Carmen wasn't hand-tamed, and she wasn't really interested in people. I loved her, and she was mildly fond of me. She had an interest in Loki the cockatiel and utter distaste for everyone else in the house. But why should she like people? She didn't have to, as far as I'm concerned. I like to think she lived a good life here, and that she was happy to be left alone (except when being spoiled!).
She had a massive cage with a variety of perches, a healthy diet with vitamin supplements, treats, free-range time and vet care whenever it was needed. Her favourite game was to land on the Kleenex box, pull off pieces and spread them all over the couch. She liked to drink out of the rabbits' water bowl and her favourite kind of greens were the little curly ones in the mix.
I loved Carmen, but I won't pretend that my grief over her loss is the same as it was with Alice. There is a different dynamic when the love is mutual. But it's grief nonetheless, and guilt - could I have done anything to prevent this? Anything else to fix it? The house certainly seems empty without her. Loki the cockatiel, probably the only one Carmen considered a friend, landed on her cage the next day and peered inside, looking back and forth from the empty cage to me.
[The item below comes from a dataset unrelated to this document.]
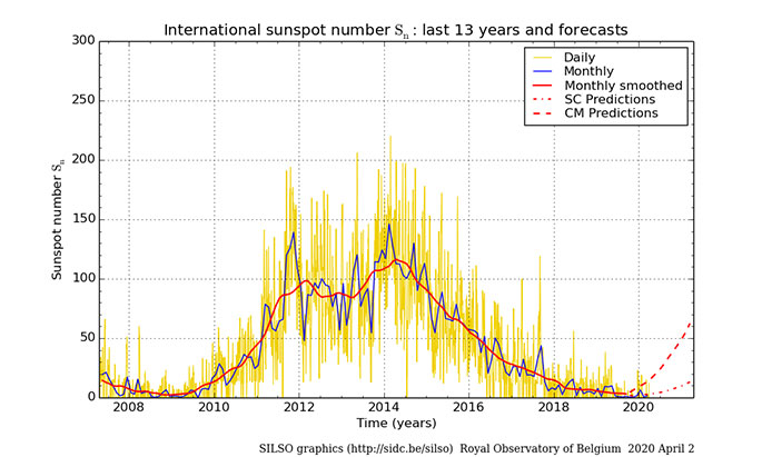 The NASA solar physics website, and other websites such as the Royal Observatory of Belgium, include information on sunspot numbers, the ‘Maunder Minimum' and sunspot cycle predictions.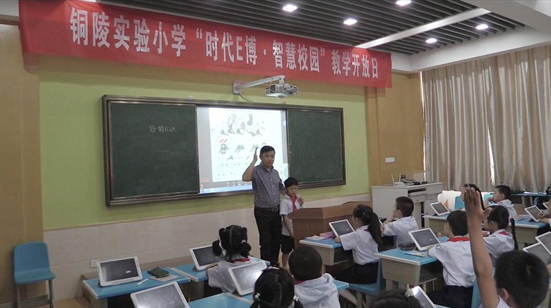 此次铜陵市实验小学举办教学开放日,是一段时间以来“时代e博·智慧校园”使用效果的一次集中展示,“时代e博·智慧校园”所提供的优质教学资源和强大的功能应用使得课堂教学更加高效,展现形式更加丰富,利用信息化教学手段推动课堂教学再上一个台阶。

How to explain she's not coming back?
It's not fair. We lost our Alice only four months ago, and now this. The last two years, we have lost too many members of our family, both human and animal. My pets get the best care I can possibly give them, and I always try to make life better for them. It's so frustrating to lose them nonetheless. I had to play a concert at the St Lawrence Centre later that day, and I don't think I've ever played the horn so angrily in my life.
I wish she'd had so many more years, but I like to think she was really happy here in the time that she had.
Rest in peace, little sweetheart.

 When I returned to the shelter today, there was a slew of new arrivals and some really infuriating excuses for abandoning their pets. Sorry guys - there's going to be some angry posts coming up. But that's rescue; what goes down, must come up, and good news will come eventually. Just have to be patient and try not to blow a gasket.

4 comments:

selkiem said...

I'm so sorry about your little bird. It is never easy to lose a pet and particularly hard when your hopes have been raised and then dashed. As you point out, we never really know how much time we might have with our rescue pets; when Commander Bun Bun died last Spring, we were VERY upset as we had had him only 7 years. But he too was a rescue so god knows how old he really was. I am sure your littel bird was very happy; and think how badly she might have fared somewhere else where someone might have demanded more than she cuold give.

digbyandsassy.net said...

I'm so sorry to hear about Carmen! Very sad news, but you can find comfort in knowing that you gave her an amazing home and tons of love, and much more vet care than I'm sure most people give their small animals! RIP Carmen.

Caroline said...

Sorry to read about Carmen, You did the very best for her.

Jude said...

It really sucks to lose any life, no matter their size or species, Marg. But think if that woman hadn't brought in Carmen to the rescue, you'd never have known her quirky special personality. I like animals that have a certain amount of attitude & reading your posts about Carmen, she fit into that group. Poor Loki but I'm sure she'll have Bailey to dote on her now.

I love that photo of Loki & Carmen eating together. Seeing different animal species interact in a kind & gentle manner together is very special to me. You did what you could but we always will 2nd guess ourselves wondering if there might have been something else. Its our loving nature to do so.